Findings ship as GELF events over HTTP to a stream named CTEM Scanner — same input the other pollers use, no new infrastructure. Custom fields go on the wire with a leading underscore (_finding_name, _severity, _sources, _bounty_eligible) and Graylog strips it on the indexing side; widget queries reference the bare name. The _asset field flows through the existing client-FQDN lookup table, so a finding on a hostname known to NIOS shows up with its human name in the same column where iLO events do.

The dashboard build is delete-then-recreate-by-title, the same idempotent pattern as the graylog-deepened work. Six pages:

Page	Filter	What It's For
Overview	none	Finding × source crosstab, totals, top exposure titles
Bounty	`bounty_eligible:true`	The working queue
Dangling DNS	`kind:dangling_dns`	CNAME takeover candidates
Lookalikes	`kind:lookalike_domain`	Brand-impersonation pipeline
Admin panels	`kind:admin_panel_exposed`	High-severity public exposures
Darknetian	self-monitored	Same shape, applied to my own zone

Dangling DNS dashboard page showing 272 findings in 24 hours, a bar chart breakdown by customer with one dominant spike, and a detailed findings table with asset / count / severity / source columns — most rows tagged ctem-scanner or infoblox_ctem at high severity

The Darknetian page exists because the pipeline ran against my own zone first. Same adapters, same dedup, same widgets. If it lies about my own zone — which I can verify by hand — it'll lie about everyone else's.

What Surfaced

A first-week snapshot of finding categories, deduped across sources:

Category	Example	Volume
DNS hygiene	Missing SPF, broken DMARC, lame delegation	High
Subdomain takeover candidates	Dangling CNAME to S3 / Heroku / GitHub Pages	Low, high confidence
Exposed admin panels	Jenkins / Grafana / Argo / Vault on public DNS	Rare, highest severity
Lookalike domains	Phishing-classified Levenshtein-2 registrations	Variable by brand
Brand-impersonation tickets	Phishing kits, credential leaks	Low, vendor already moving
Reputation noise	Domains flagged by threat-intel sources	High, mostly filtered

DNS hygiene dominates. Almost every organization has at least one apex without SPF, with a broken DMARC selector, or with a lame delegation on a subdomain nobody owns anymore. These aren't zero-days, but they enable phishing campaigns downstream and they're the easiest things for an analyst to validate and report. The bounty-eligibility filter rescues them from drowning in reputation noise.

Subdomain takeover candidates are the inverse: rare but immediately actionable.
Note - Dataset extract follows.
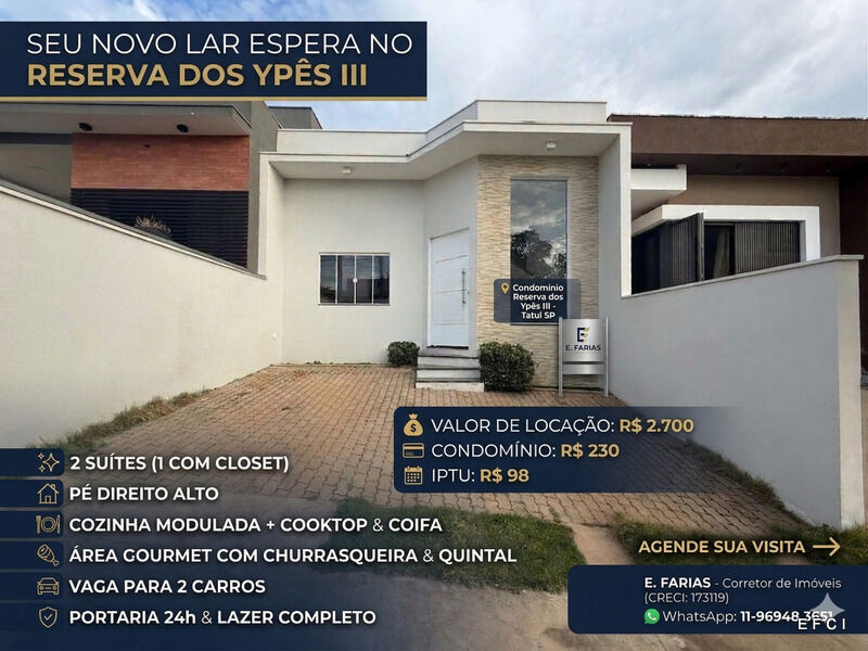 Se você está procurando uma casa em condomínio em Tatuí, com 2 suítes, esta é uma excelente oportunidade para morar com conforto e segurança, em um dos projetos mais modernos da cidade.

The detector chases each hostname's terminal CNAME, probes the apex over HTTPS, and matches the response body against a fingerprint table — the unmistakable "NoSuchBucket" body from S3, the "There isn't a GitHub Pages site here" string, the Heroku no-such-app page, a dozen more. When one fires, it fires with confidence.

Lookalike registrations with mail records configured are near-certain phishing precursors. Without mail records, they're typosquat-for-resale and lower priority. The pipeline emits both and lets the dashboard sort.

What Dogfooding Showed

The darknetian zone produced exactly what I expected: missing SPF on a domain that doesn't send mail, a lame delegation on a www. subdomain that's been redirecting for years, no takeover candidates (the homelab is small and quiet), and a small set of typosquat registrations the lookalike service had been accumulating without anyone looking at them. Nothing dramatic. The point wasn't drama; the point was that the dashboard's claims about my zone matched what I knew about my zone. That's the credibility test the rest of the dataset needs to clear, and it does.

The scanner runs at 03:00 and the Bounty page is the first thing I read. Here's the honest part: almost none of my actual roster runs a public program, so most mornings the verdict is "nobody's paying for this one" — which is its own kind of finding. But I've watched the same tag and the same queue turn into real payouts for people pointing it at the right targets. The pipeline doesn't make the money. It just tells you, before coffee, exactly where the money would be.